# Hair Jigs



## Bryan_VA (Dec 17, 2007)

Just wondering, any of you guys use and/or tie hair jigs?


----------



## SMDave (Dec 17, 2007)

I use them the most out of any lure for saltwater, and occasionally for largies. However I hear they are great smallie lures. The Spro Prime Bucktails (my favorite) have lifelike detail and swim extremely well in the water. You should look into these lures and this style of fishing (I plan to do a lot of hairjigging in '08 for smallies)


----------



## Bryan_VA (Dec 17, 2007)

I tie and use alot of hair jigs, just wondering about the rest of you. I'm always looking for new patterns or materials to try. Those SPROs are pretty nice. Haven't tried em in fresh water though. I'm a big fan of rabbit and arctic fox hair jigs for panfish and bass, especially in cold water. Can't beat hair this time of year!


----------



## Nickk (Dec 17, 2007)

I tie flies and have tied a few hair jigs but never used them much


----------



## little anth (Dec 17, 2007)

theres something in the new bassmaster mag this month about em


----------



## Bryan_VA (Dec 19, 2007)

Here are some of my jigs. I'll post pics of some of my others soon. I tie many different sizes and styles for everything from perch to pike to flounder and more.


----------



## mr.fish (Dec 19, 2007)

I must say, they are some very nice looking hair jigs. You should mass produce, and market those bad boys.


----------



## little anth (Dec 19, 2007)

i bet some of those would kill some fluke and flounder up here man good job.(if ya need a tester you know who to ask jk)


----------



## mtnman (Dec 19, 2007)

we kill the muskie and pike around here on big white bucktail jigs. if you ever see a good deal on them pick them up and also let me know where they are on sale. bucktail jigs are deadly!!!


----------



## Bryan_VA (Dec 20, 2007)

Thanks for the nice words guys. Mtnman, I tie bucktails too, if you show me a picture of the kind you like to use I can copy them and send you some. Anyone looking for a specific size, color, or pattern of hair jig let me know and I'll hook you up. I tie way more than I use.

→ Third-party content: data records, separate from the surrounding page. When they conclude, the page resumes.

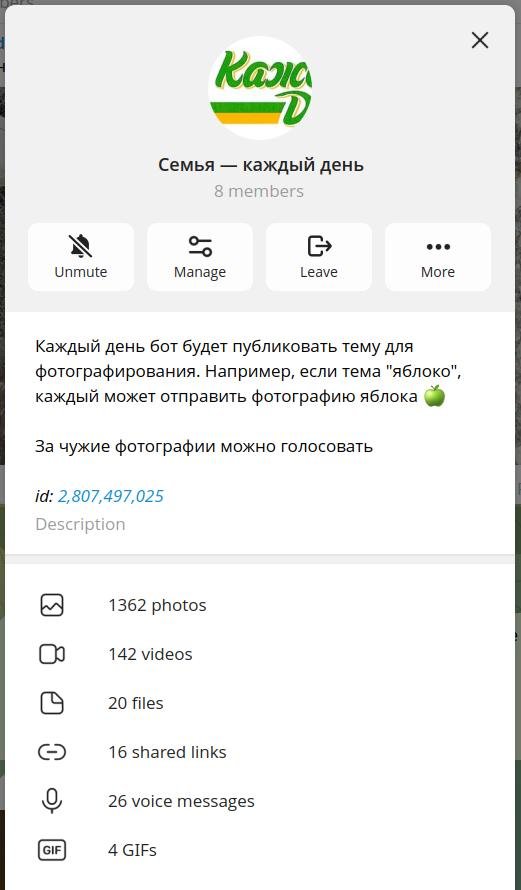 Идея понравилась и я решился на эксперимент: создал чат «Семья каждый день» с той самой аватаркой, пригласил туда всю семью и начал постить новую тему каждое утро. И они начали скидывать туда свои фотки! И до сих пор шлют!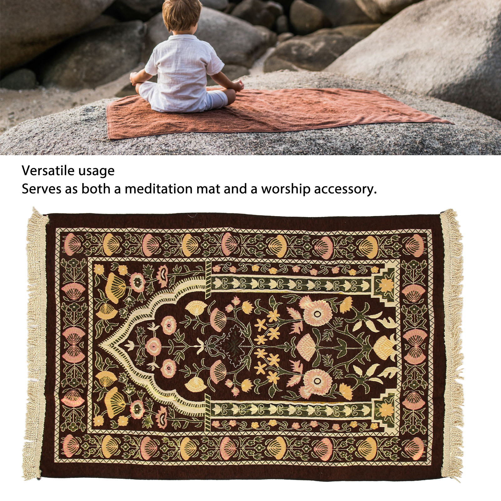 1、[Versatile Usage]: The tassel pilgrimage blanket serves as both a meditation mat and a worship accessory, with unique design and captivating colors, providing delightful visual experience, making your holidays unforgettable and enjoyable. 2、[With Carrying Bag]: The tassel prayer rug comes with a convenient carrying bag, allowing you to easily carry wherever you go, ensuring hassle free storage and portability, perfect for travel and outdoor activities. 3、[Chenille Fabric]: Crafted from premium chenille fabric, the prayer carpet is designed to withstand years of use, and the durable construction ensures that can withstand daily use and prayers. 4、[Wide Application]: The prayer rug can be used in various settings, such as placing on computer chairs, coffee tables, dining tables, bedrooms, study rooms, beds, hallways, windowsills, or entrance halls. 5、[Comfortable and Cozy]: The tassel pilgrimage carpet offers a comfortable and cozy experience, the soft and plush texture provides a warm touch, allowing you to relax during meditation sessions or prayer rituals.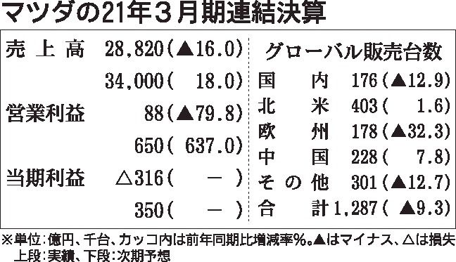 21年3月期の業績は、出荷台数が20年3月期と比べて24万台以上減少した影響などが1085億円の減益要因となった一方、諸経費や研究開発費の効率化といった固定費の削減効果で763億円の増益要因を捻出。損益分岐台数を20年3月期と比べて12万1千台引き下げた。7月に出した当初の通期見通しでは400億円の営業赤字予想だったが、上方修正を繰り返し、最終的には88億円の営業黒字を確保した。丸本明社長は「すべての領域が危機感を共有し、構造改革挙げて取り組んだ」と総括した。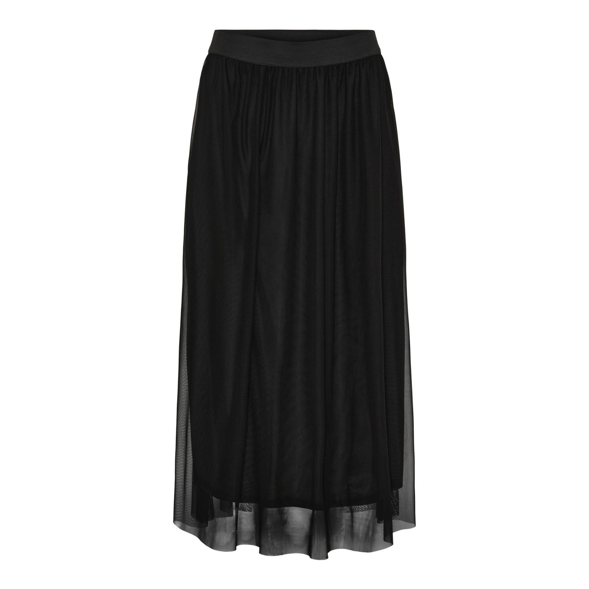 Lækker sort nederdel fra Marta. Nederdelen er A-formet og har elastikkant foroven. Materiale: 94% polyester og 6% elastan. Vask: 30 grader.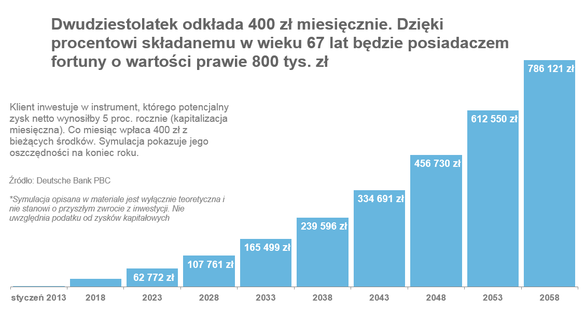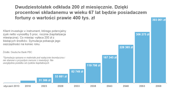 Jak duże? Eksperci Deutsche Bank przeprowadzili symulację programu oszczędnościowego, w którym młody, 22-letni klient inwestuje 200 złotych regularnie przez kolejne 45 lat, czyli do momentu, kiedy w wieku lat 67 prawdopodobnie przejdzie na emeryturę. Eksperci założyli, że długoterminowy instrument inwestycyjny osiąga średnią stopę zwrotu w wysokości 5 proc. rocznie. W niektórych okresach zarabia dużo więcej, w niektórych traci na wartości, jednak historyczne dane pokazują, że dywersyfikacja portfela inwestycyjnego oraz bardzo długi okres oszczędzania pozwalają na stabilne zyski na podobnym poziomie.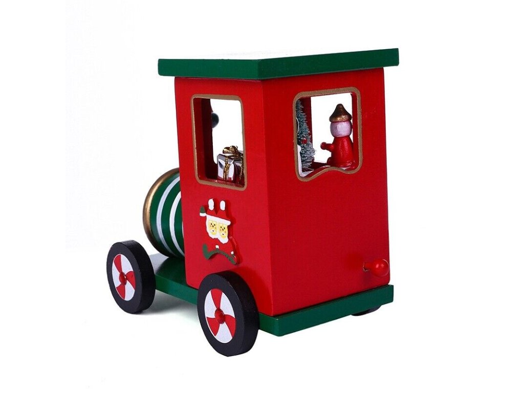 Vianočný vláčik s hudobným boxom je úžasný dekoratívny predmet, ktorý doplní vašu vianočnú výzdobu doma alebo v práci. Je to hracia skrinka, ktorá do vášho prostredia prináša kúzlo, rafinovanosť a eleganciu. Vyrobené z dreva, je odolné a plné jasných farieb, takže môžete šíriť vianočnú náladu a potešiť každého! Nevyužíva batériu, stačí otočíte kľúčik a hudba bude hrať!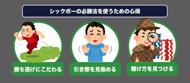 ここまで説明したシックボーの必勝法をより効果的に使えるようになるためには、以下の心構えを持ってゲームに挑むのが重要です。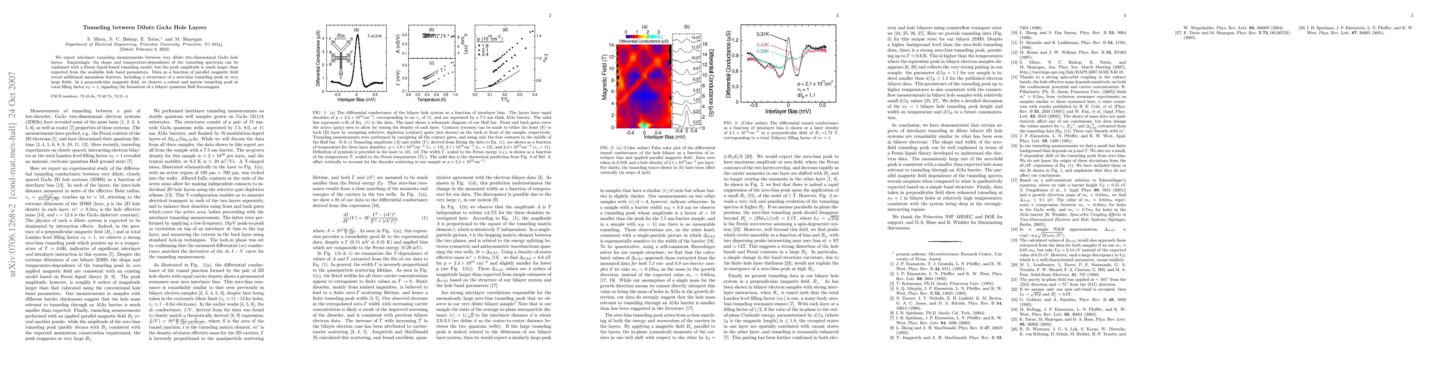 We report interlayer tunneling measurements between very dilute two-dimensional GaAs hole layers. Surprisingly, the shape and temperature-dependence of the tunneling spectrum can be explained with a Fermi liquid-based tunneling model, but the peak amplitude is much larger than expected from the available hole band parameters. Data as a function of parallel magnetic field reveal additional anomalous features, including a recurrence of a zero-bias tunneling peak at very large fields. In a perpendicular magnetic field, we observe a robust and narrow tunneling peak at total filling factor $\nu_T=1$, signaling the formation of a bilayer quantum Hall ferromagnet.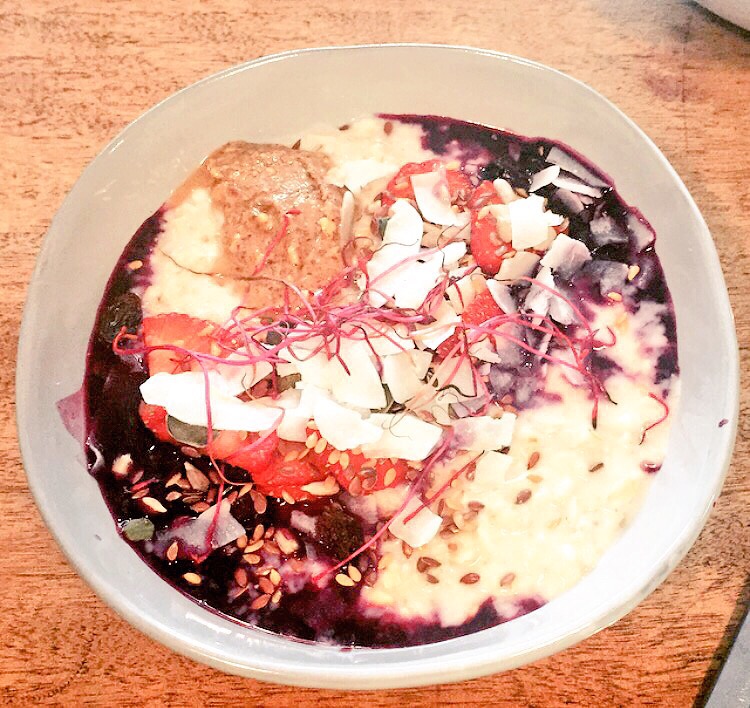 We opted for two gorgeous helpings of porridge – blueberry porridge, a comforting bowl of oats cooked in coconut milk, served with blueberry compote, strawberries, toasted rye granola, coconut, almond butter…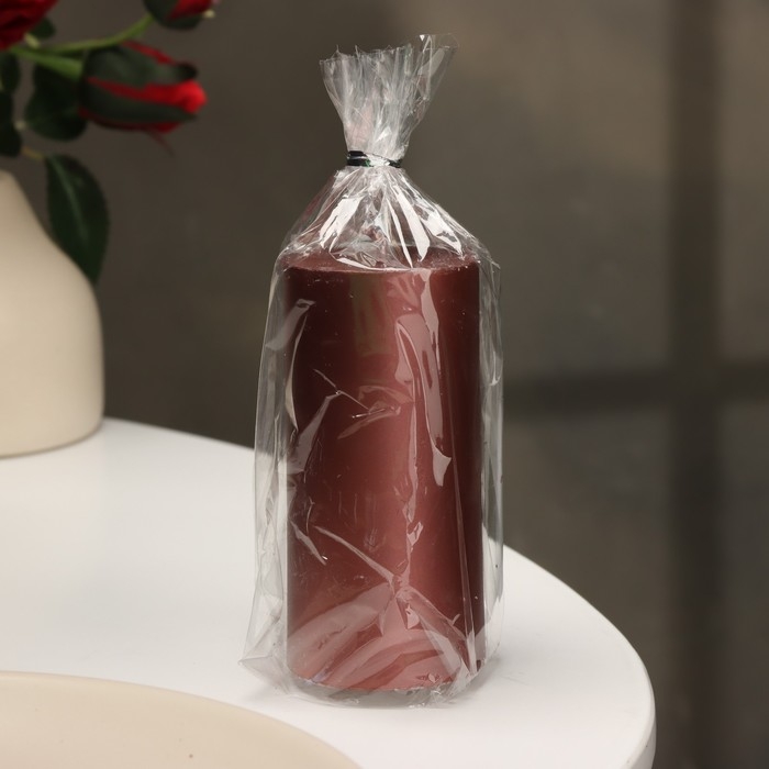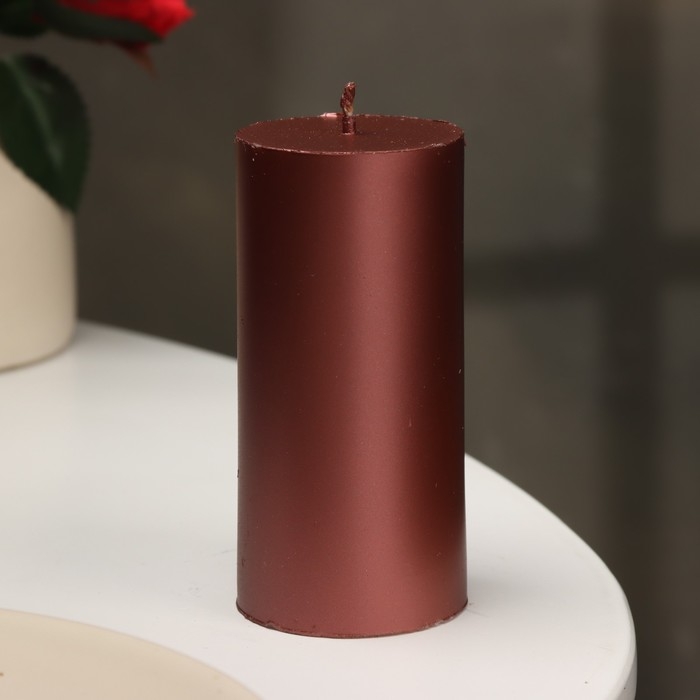 Свеча-цилиндр гладкая, 5х10 см, винная, металлик, 6 ч

Here are some panfish jigs. I keep these simple because I lose so many in brushpiles. They also work great used in the float-n-fly setup. They range from 1/64-1/16th oz. All are tied with rabbit, arctic fox, or a combination of the two.


----------



## mtnman (Dec 20, 2007)

we use alot of white hair and black head and black hair with white head. they work great. The bigger the better. i have trouble finding them around here except online.


----------



## SMDave (Dec 20, 2007)

Wow! Those look great!


----------